## WHAT IS EXPECTED
The answer must be an exact copy of the lines from the one with "Édifiée sur un" through the final line below, with no pictures and nothing else.

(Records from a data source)

*-*-*

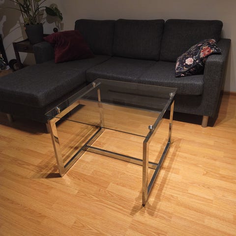 Pikku pöydät lasi halkaisija 45cm korkeus 53cm. 1 kpl 40€, 2 kpl 70€
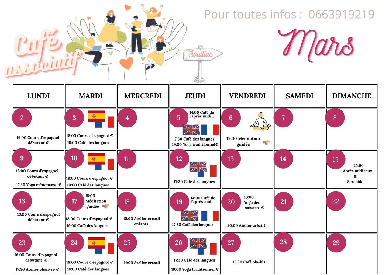 - Sur inscription au 0663919219 ou par mail cafeasso@laposte.net
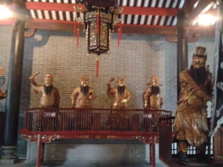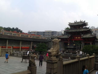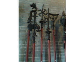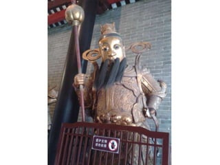 El documento describe las diferentes salas y exhibiciones del Templo de los Ancestros de Foshan, incluyendo muñecos, escritos, trajes y armas relacionadas con figuras históricas importantes de las artes marciales chinas como Ip Man, Bruce Lee, Wong Fei Hung y Jet Li. También muestra esculturas y estatuas de dioses y figuras religiosas como el Dios del Norte y Confucio.
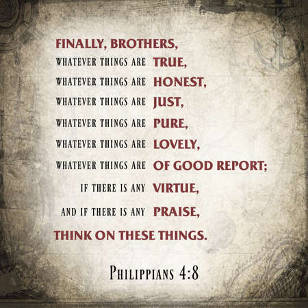 Finally, brothers, whatever things are true, whatever things are honest, whatever things are just, whatever things are pure, whatever things are lovely, whatever things are of good report; if there is any virtue, and if there is any praise, think on these things. Philippians 4:8
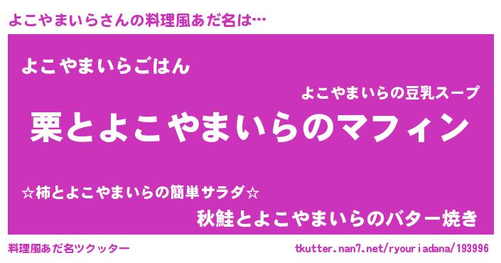 | 可愛いあだ名 | 『よこぷりん』『よこやまいらママ』 |
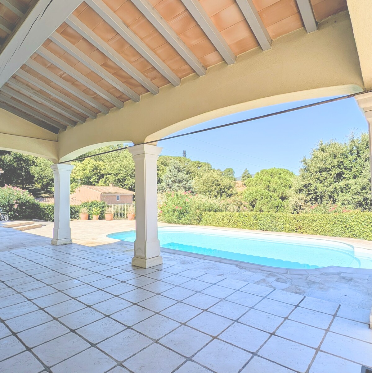 Édifiée sur un terrain clos de 2 000 m², elle offre une superbe vue dégagée sur la campagne des Maures. Le plain-pied de 123 m² s’ouvre sur une de pièce de vie spacieuse et lumineuse donnant sur la terrasse et la piscine. Dans le prolongement on trouve une cuisine ouverte puis une véranda de 30m². Une mezzanine de 20 m² surplombe le séjour et peut accueillir un bureau, un espace détente ou une chambre d’appoint. Deux chambres avec douches et un WC complètent la partie habitable.
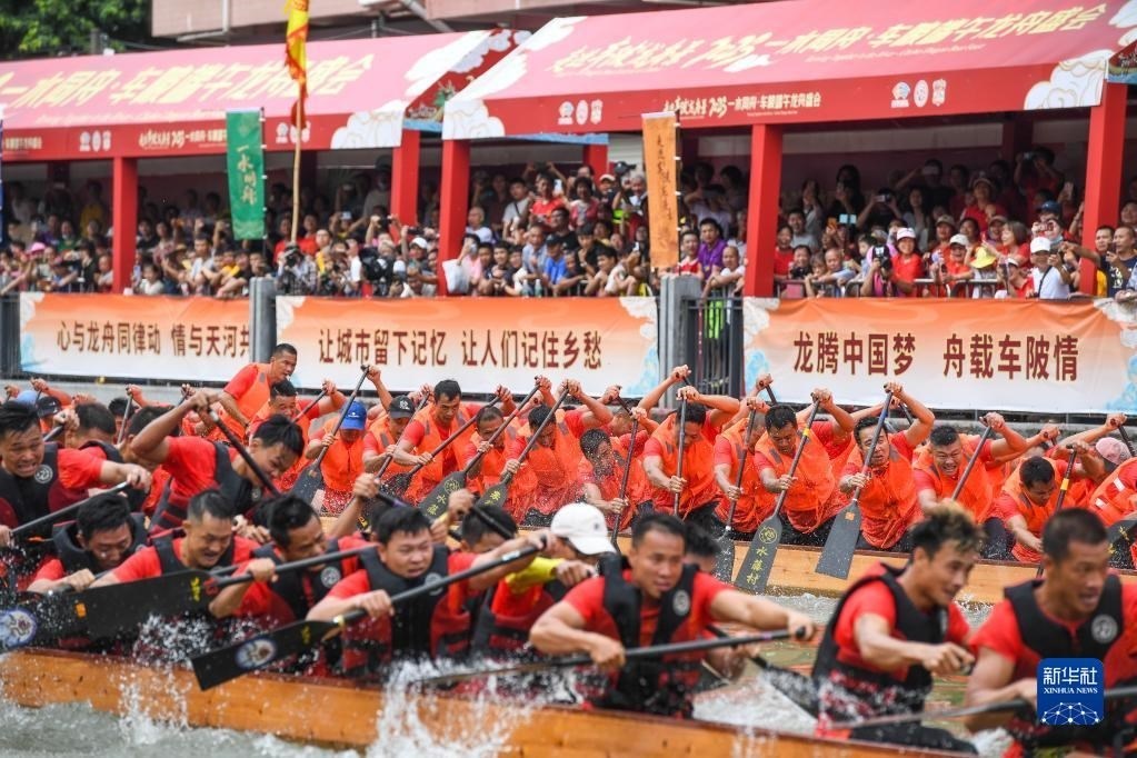 賽龍奪錦代表一種人生態(tài)度,更有著豐富的精神內(nèi)涵。對(duì)于車(chē)陂這樣的“城中村”而言,族人在端午回村里劃龍舟、吃龍船飯。龍舟如今既是留住文化記憶的重要載體,更是新都市如何留住老鄉(xiāng)愁的一份珍貴答卷。新華社記者 劉大偉 攝
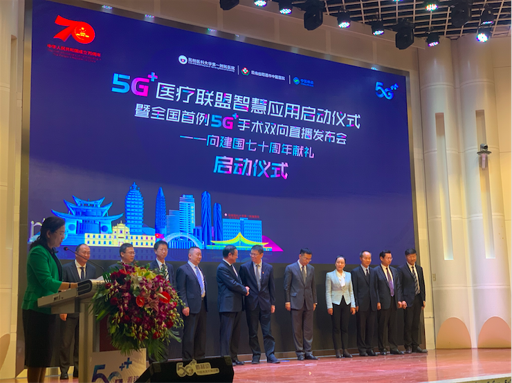 为加快5G+医疗项目落地,9月27日,“5G+医疗联盟智慧应用启动仪式暨全省首例5G+手术双向直播发布会”在昆医附一院举行,活动在中国移动高带宽、低时延的5G网络环境下实现高清手术视频直播及远程指导。
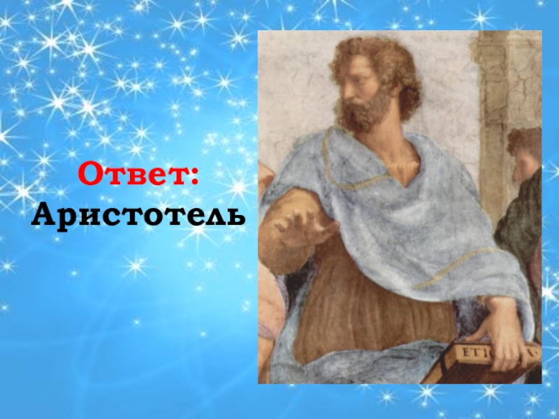 и смотрит она, как в сказочном танце, плывут постепенно по кругу планеты, Солнце, Луна. Вопрос: - Кто из античных философов предполагал, что Солнце и планеты вращаются вокруг Земли?
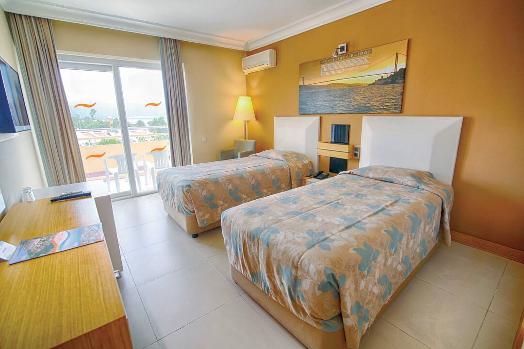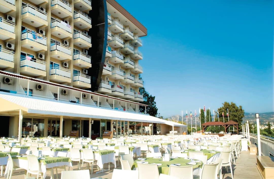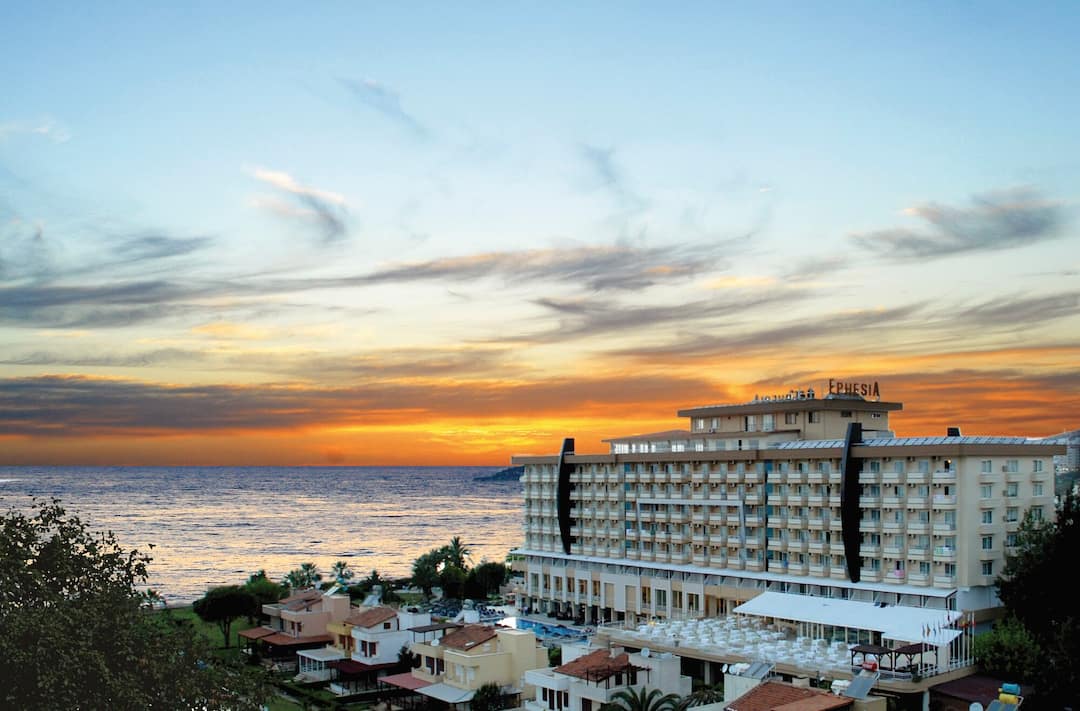 Ephesia Hotel is the ultimate family-friendly hotel and it’s sat directly on the beachfront offering a private beach experience every day of your holiday. What’s more, you’ll find a large pool on the complex, surrounded by sun loungers and parasols so you’ve got plenty of options for where to spend your days. There is a kids’ pool too, as well as an indoor pool and hot tub! On the food front, there certainly won’t be any rumbling stomachs at Ephesia Hotel. You’ve got the pick of a few places, including buffets and a la carte menus, plus a snack bar on the beach where you can tuck into delicious burgers, pizzas and chips. Adults can enjoy the many bars dotted around the hotel while the little ones get involved with one of the many activities, including painting, drawing and team games at the kids’ club. There’s an abundance of activities to keep everyone occupied during the day with beach watersports, darts, ping pong and even some arcades. A few times a week the whole family can enjoy entertainment in the evenings with a mix of live music and funny shows throughout the week.

*-*-*

## OUTPUT OF THE EXERCISE
 Édifiée sur un terrain clos de 2 000 m², elle offre une superbe vue dégagée sur la campagne des Maures. Le plain-pied de 123 m² s’ouvre sur une de pièce de vie spacieuse et lumineuse donnant sur la terrasse et la piscine. Dans le prolongement on trouve une cuisine ouverte puis une véranda de 30m². Une mezzanine de 20 m² surplombe le séjour et peut accueillir un bureau, un espace détente ou une chambre d’appoint. Deux chambres avec douches et un WC complètent la partie habitable.
 賽龍奪錦代表一種人生態(tài)度,更有著豐富的精神內(nèi)涵。對(duì)于車(chē)陂這樣的“城中村”而言,族人在端午回村里劃龍舟、吃龍船飯。龍舟如今既是留住文化記憶的重要載體,更是新都市如何留住老鄉(xiāng)愁的一份珍貴答卷。新華社記者 劉大偉 攝
 为加快5G+医疗项目落地,9月27日,“5G+医疗联盟智慧应用启动仪式暨全省首例5G+手术双向直播发布会”在昆医附一院举行,活动在中国移动高带宽、低时延的5G网络环境下实现高清手术视频直播及远程指导。
 и смотрит она, как в сказочном танце, плывут постепенно по кругу планеты, Солнце, Луна. Вопрос: - Кто из античных философов предполагал, что Солнце и планеты вращаются вокруг Земли?
 Ephesia Hotel is the ultimate family-friendly hotel and it’s sat directly on the beachfront offering a private beach experience every day of your holiday. What’s more, you’ll find a large pool on the complex, surrounded by sun loungers and parasols so you’ve got plenty of options for where to spend your days. There is a kids’ pool too, as well as an indoor pool and hot tub! On the food front, there certainly won’t be any rumbling stomachs at Ephesia Hotel. You’ve got the pick of a few places, including buffets and a la carte menus, plus a snack bar on the beach where you can tuck into delicious burgers, pizzas and chips. Adults can enjoy the many bars dotted around the hotel while the little ones get involved with one of the many activities, including painting, drawing and team games at the kids’ club. There’s an abundance of activities to keep everyone occupied during the day with beach watersports, darts, ping pong and even some arcades. A few times a week the whole family can enjoy entertainment in the evenings with a mix of live music and funny shows throughout the week.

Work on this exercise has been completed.